Task material:
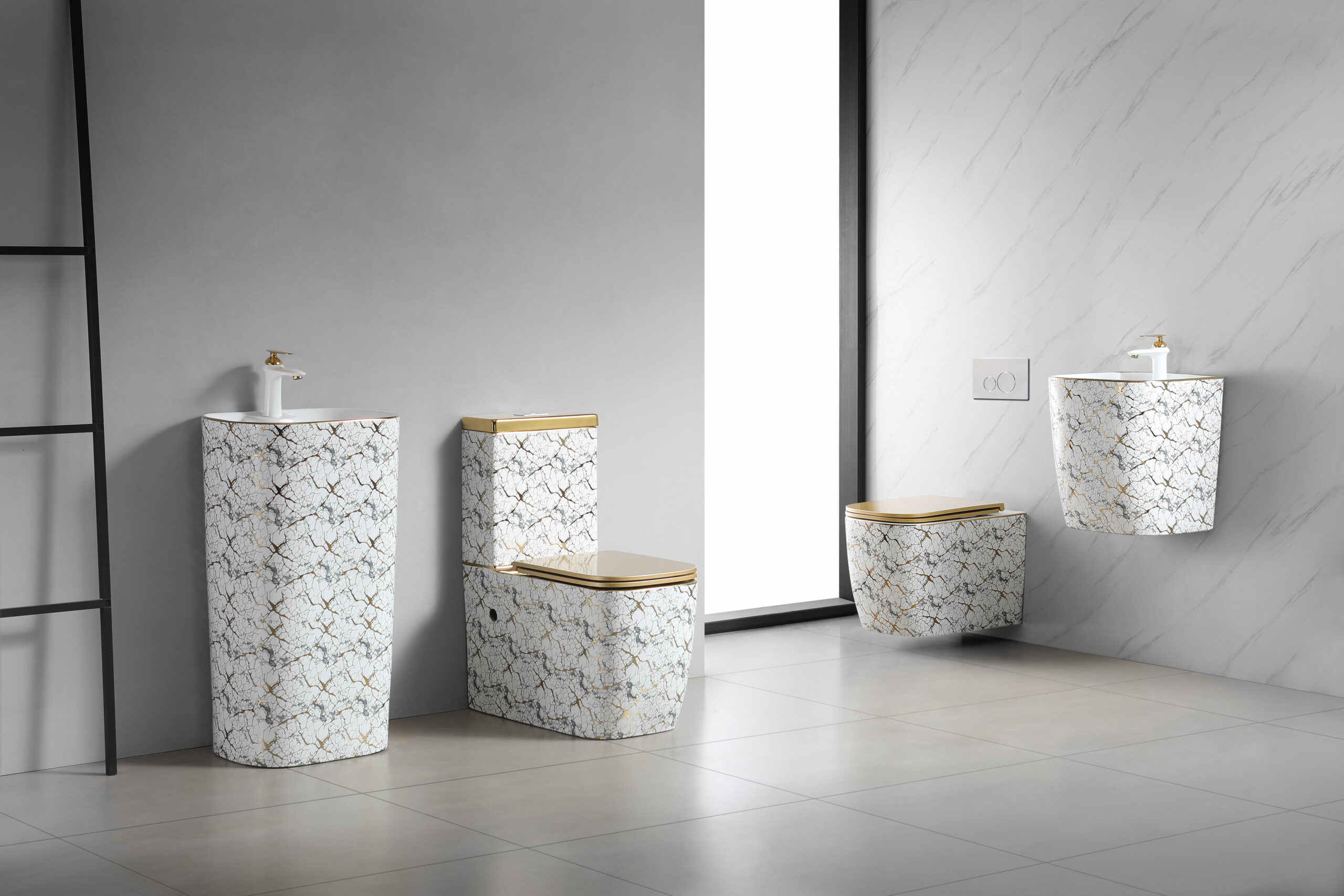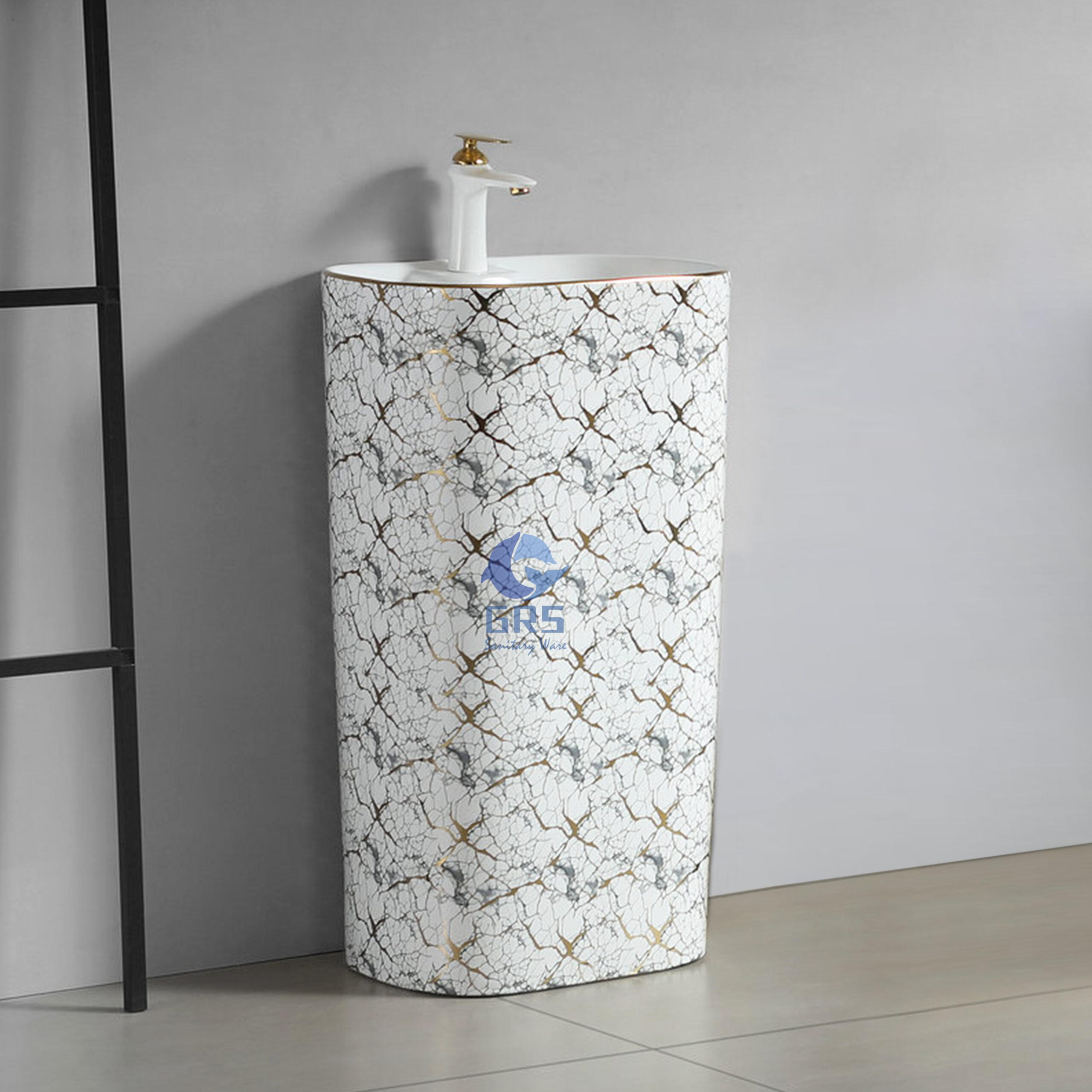 New Market Trend Marble Design Ceramic Sanitary Wares Combo Floor Mounted One Piece Basin Pedeatral Sinks Bathroom Washbasin
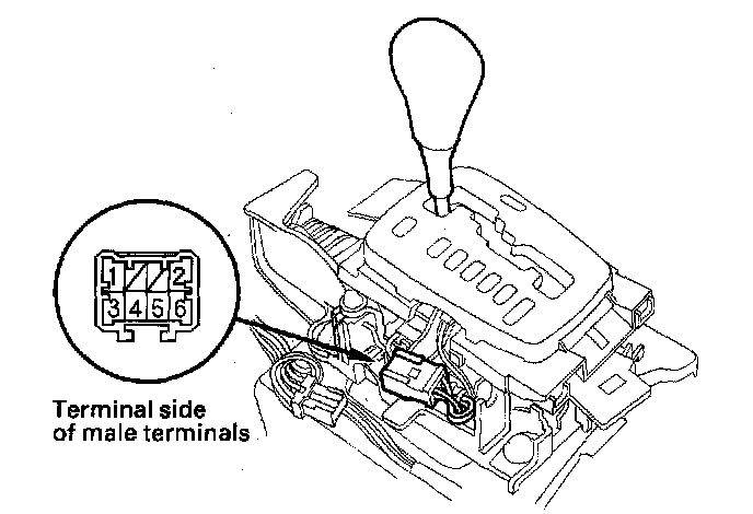 4. Shift the shift lever out of the P position, and check for continuity between the terminals in step 3. There should be no continuity.
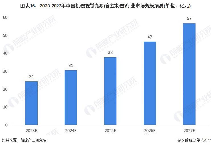預計 2027 年中國機器視覺光源 ( 含控制器 ) 市場規模將達到 57 億元。
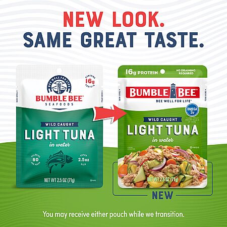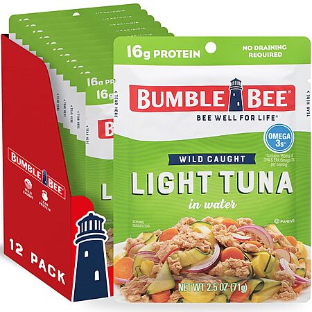 12-Count 2.5-Oz Bumble Bee Premium Light Tuna Pouch in Water on sale for
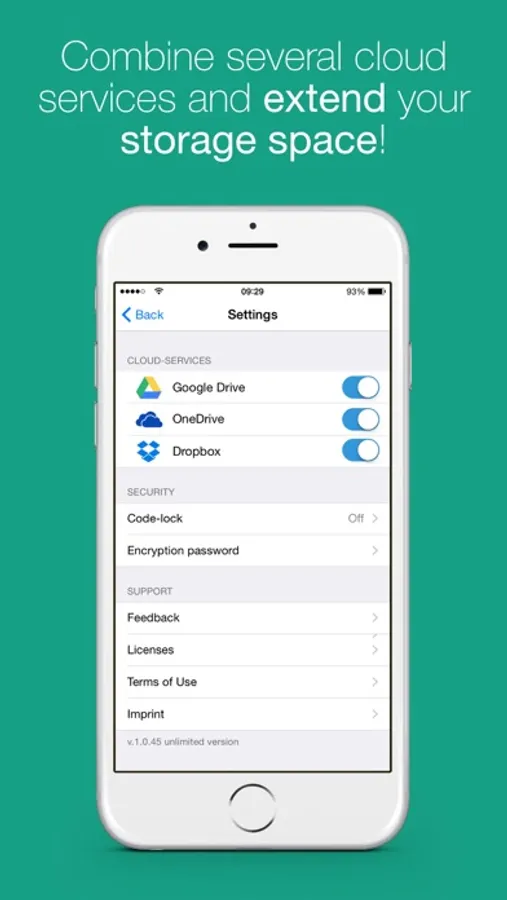 Connect with one or more cloud services. With every additional cloud service, your storage volume will increase. We support following cloud services:
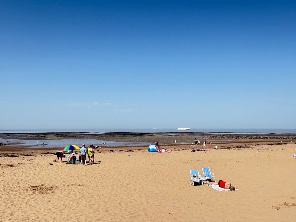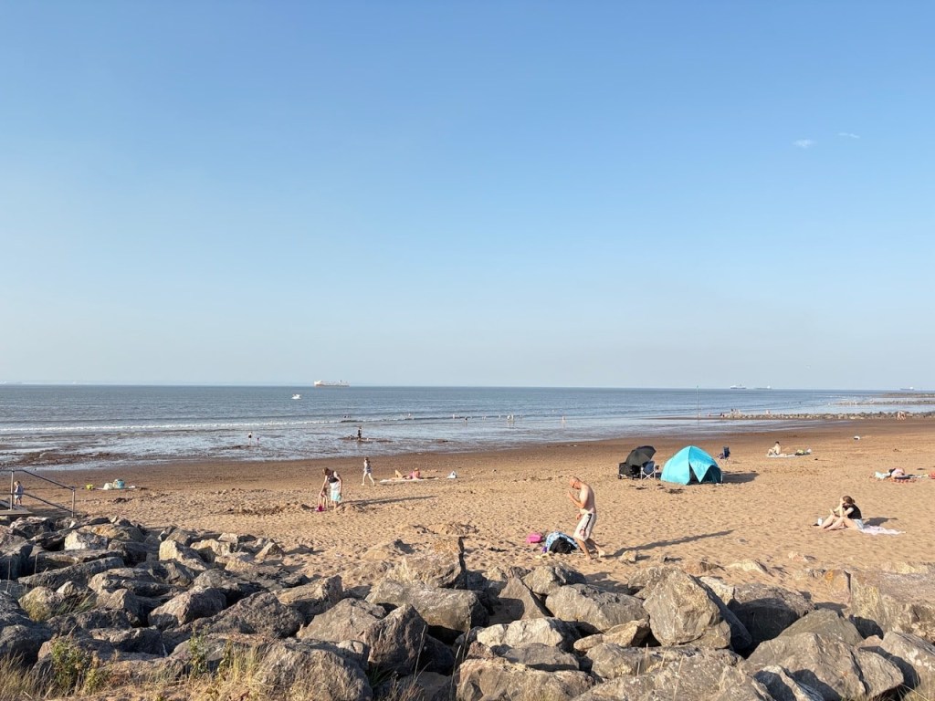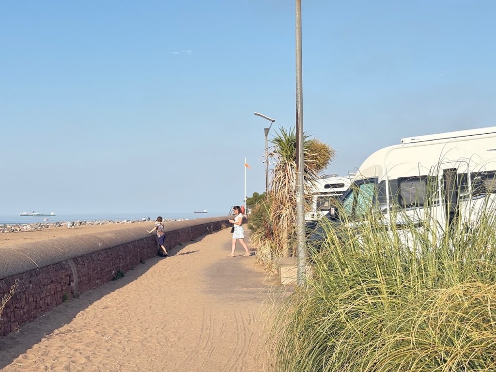 It’s sunny and very hot so the beach and the car park are rammed but luckily we find a spot. It’s a tight fit but we squeeze in. It’s £7.50 for 24hrs parking which is good for us.
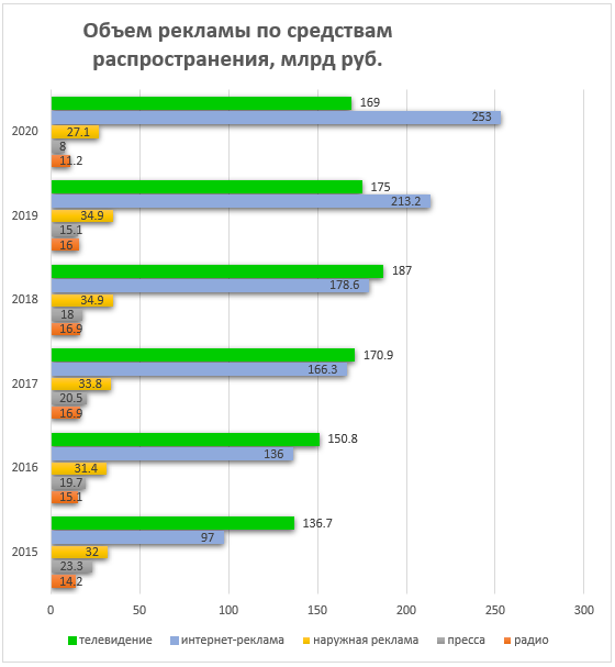 Начиная с 2020 года объем рекламы в интернете превышает все остальные виды рекламы
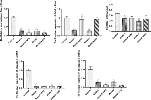 Comparison of mRNA expression of Bax, Bcl-2, caspase-3 and caspase-9 of DCM zebrafish treated with APS. Data are presented as mean ± SD. n = 30. △P < 0.01, Compared with control; □P < 0.01, compared with model 1; ☆P < 0.01, compared with model 2; ★P < 0.05,compared with model 2 |
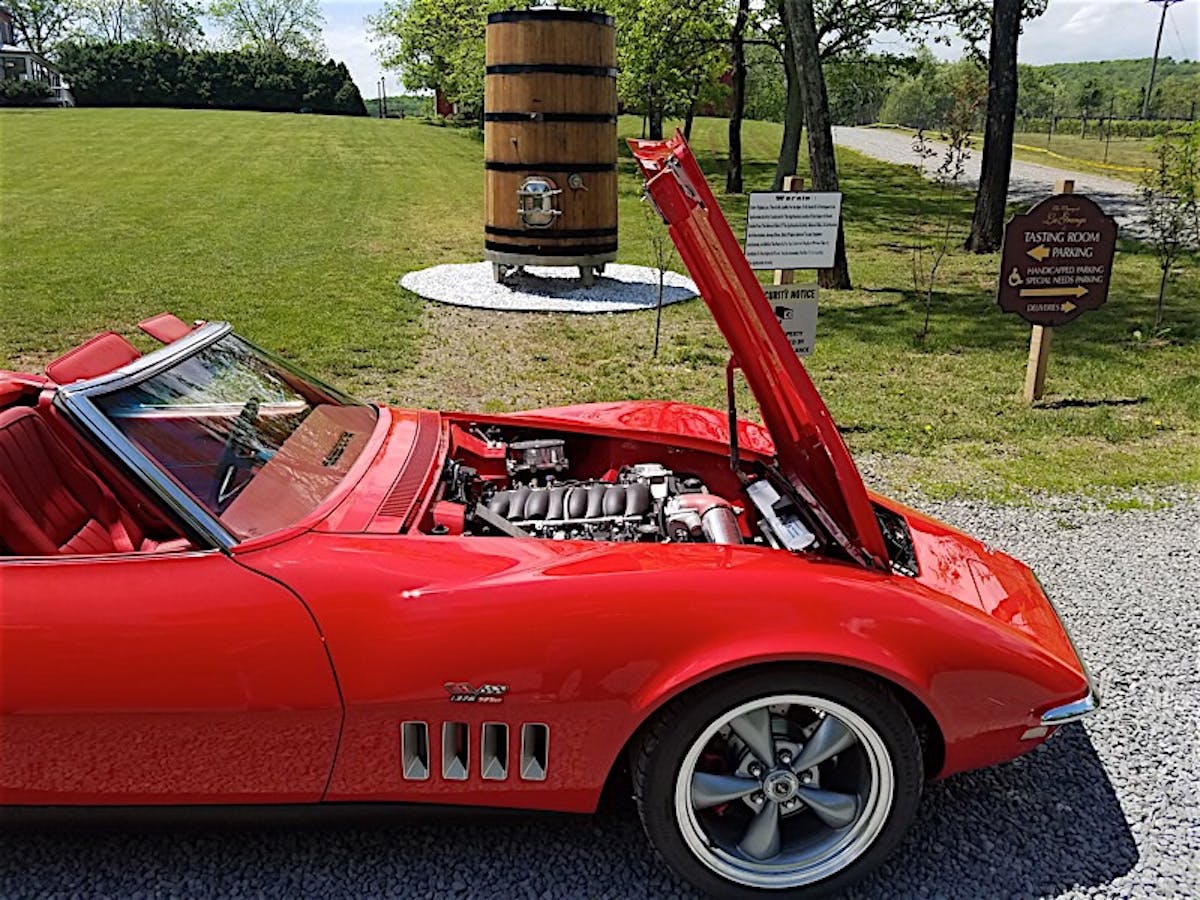 They took a rusty old ’68 roadster from Rochester, New York and like the scene from “The Wizard of Oz”– where the unlikely foursome are refurbished after they reach the Emerald City — this original red on red ‘Vette emerged with its late ’60s cool intact and a new lease on life.
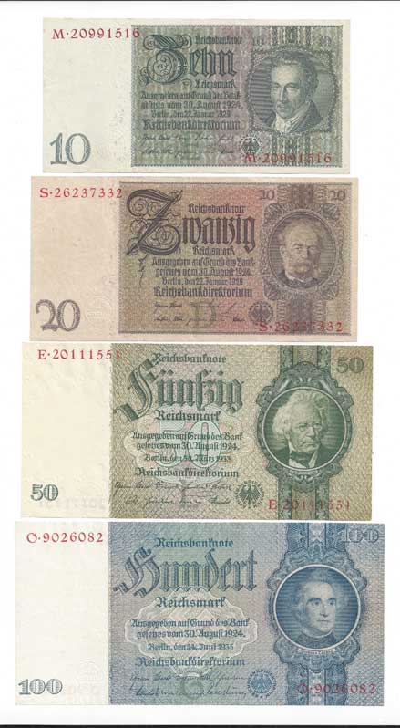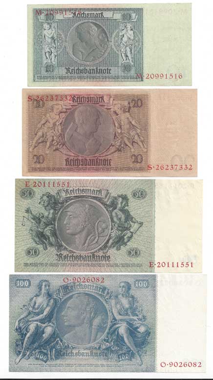 | 331. | 10,20,50 a 100 RM bl.(1945), mírové vyd., sér.M,S,E,O, Pick:180,181,
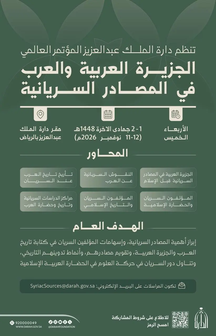 الرياض – أعلنت دارة الملك عبدالعزيز عزمها تنظيم مؤتمر عالمي بعنوان “الجزيرة العربية والعرب في المصادر السريانية”، الذي سيعقد يومي 1–2 جمادى الآخرة 1448هـ الموافق 11–12 نوفمبر 2026م، ضمن برامجها العلمية الرامية لتعميق البحث في مصادر تاريخ الجزيرة العربية وتوسيع دائرة الدراسات المقارنة في تاريخ العرب من خلال المدونات غير العربية.
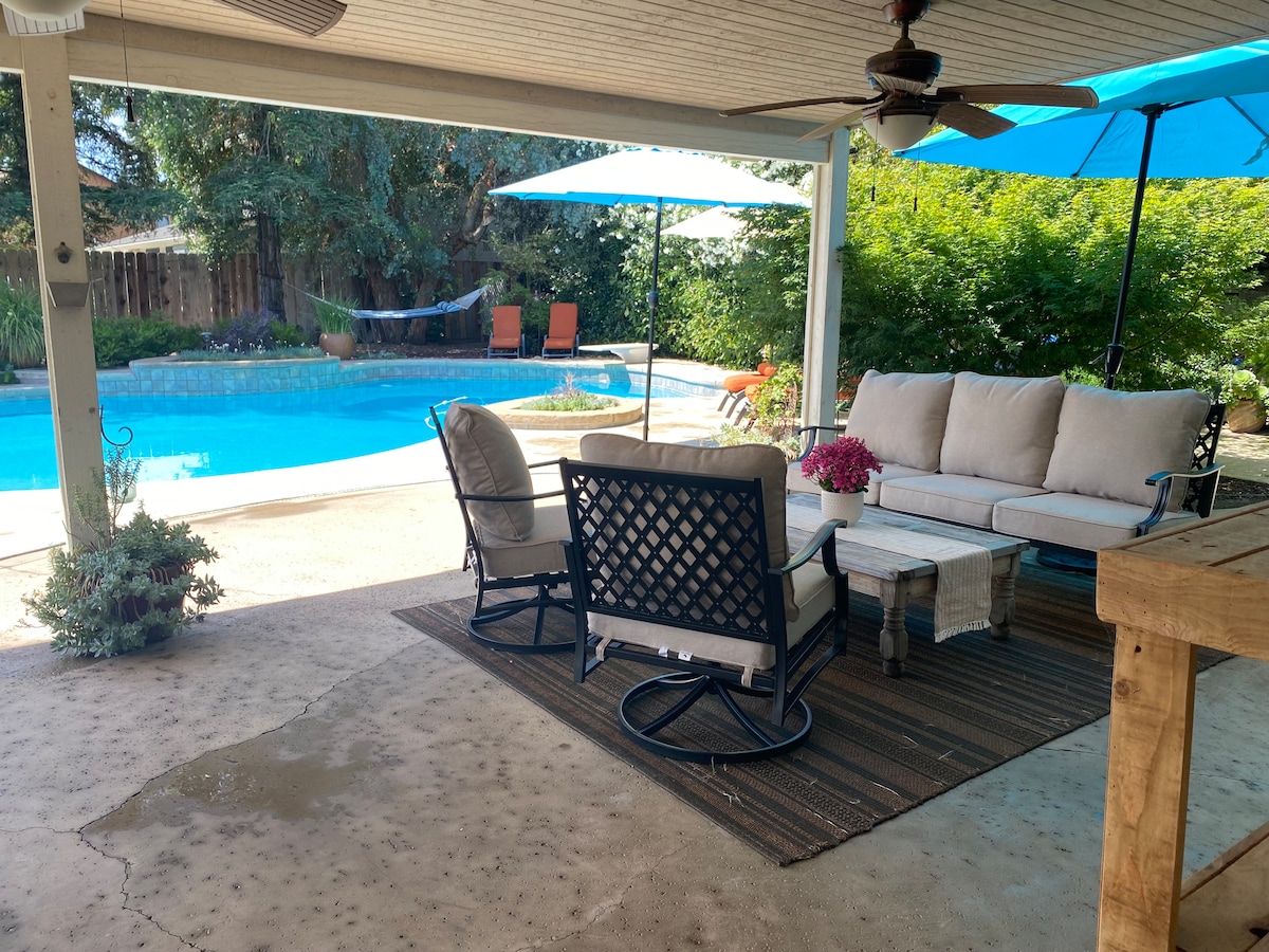 The Iris House is located close to downtown Visalia’s shops, restaurants, breweries & the Convention Center. A 40 min. drive to Sequoia National Park, 30 min. to Three Rivers , 45 min. to Fresno and 2.5 hrs. to Yosemite.House has 3 bedrooms, 2 baths, a family room w/fireplace, living room, laundry room, equipped kitchen, dining area, gated pool, a landscaped backyard, Koi pond, BBQ, fire-pit, basketball & lounging areas. It’s a quiet neighborhood. No parties.Smoking permitted in backyard only.
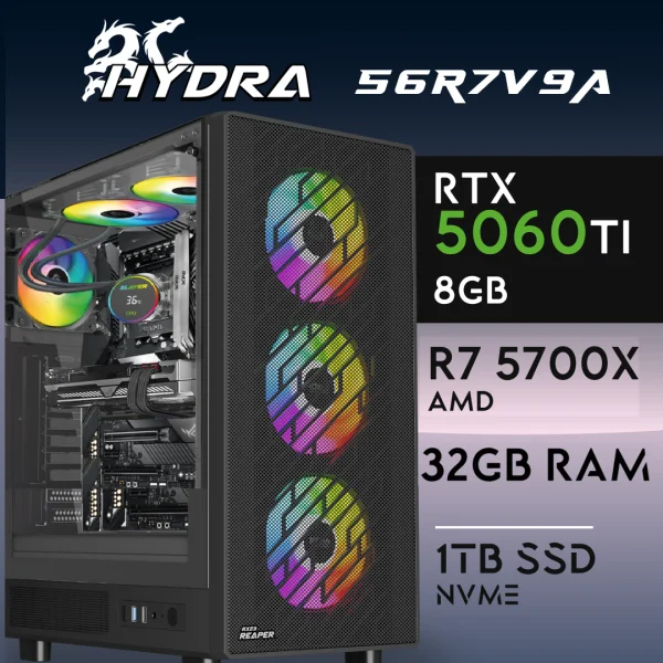 PC Gaming HYDRA-56R7V9A – R7 5700X | RTX5060Ti 8GB | 32GB | M.2 1TB

Instructions to follow:
Give back the material exactly as written, from its first line to the line that contains "Начиная с 2020", and leave out the pictures.

Expected answer:
 New Market Trend Marble Design Ceramic Sanitary Wares Combo Floor Mounted One Piece Basin Pedeatral Sinks Bathroom Washbasin
 4. Shift the shift lever out of the P position, and check for continuity between the terminals in step 3. There should be no continuity.
預計 2027 年中國機器視覺光源 ( 含控制器 ) 市場規模將達到 57 億元。
 12-Count 2.5-Oz Bumble Bee Premium Light Tuna Pouch in Water on sale for
 Connect with one or more cloud services. With every additional cloud service, your storage volume will increase. We support following cloud services:
 It’s sunny and very hot so the beach and the car park are rammed but luckily we find a spot. It’s a tight fit but we squeeze in. It’s £7.50 for 24hrs parking which is good for us.
 Начиная с 2020 года объем рекламы в интернете превышает все остальные виды рекламы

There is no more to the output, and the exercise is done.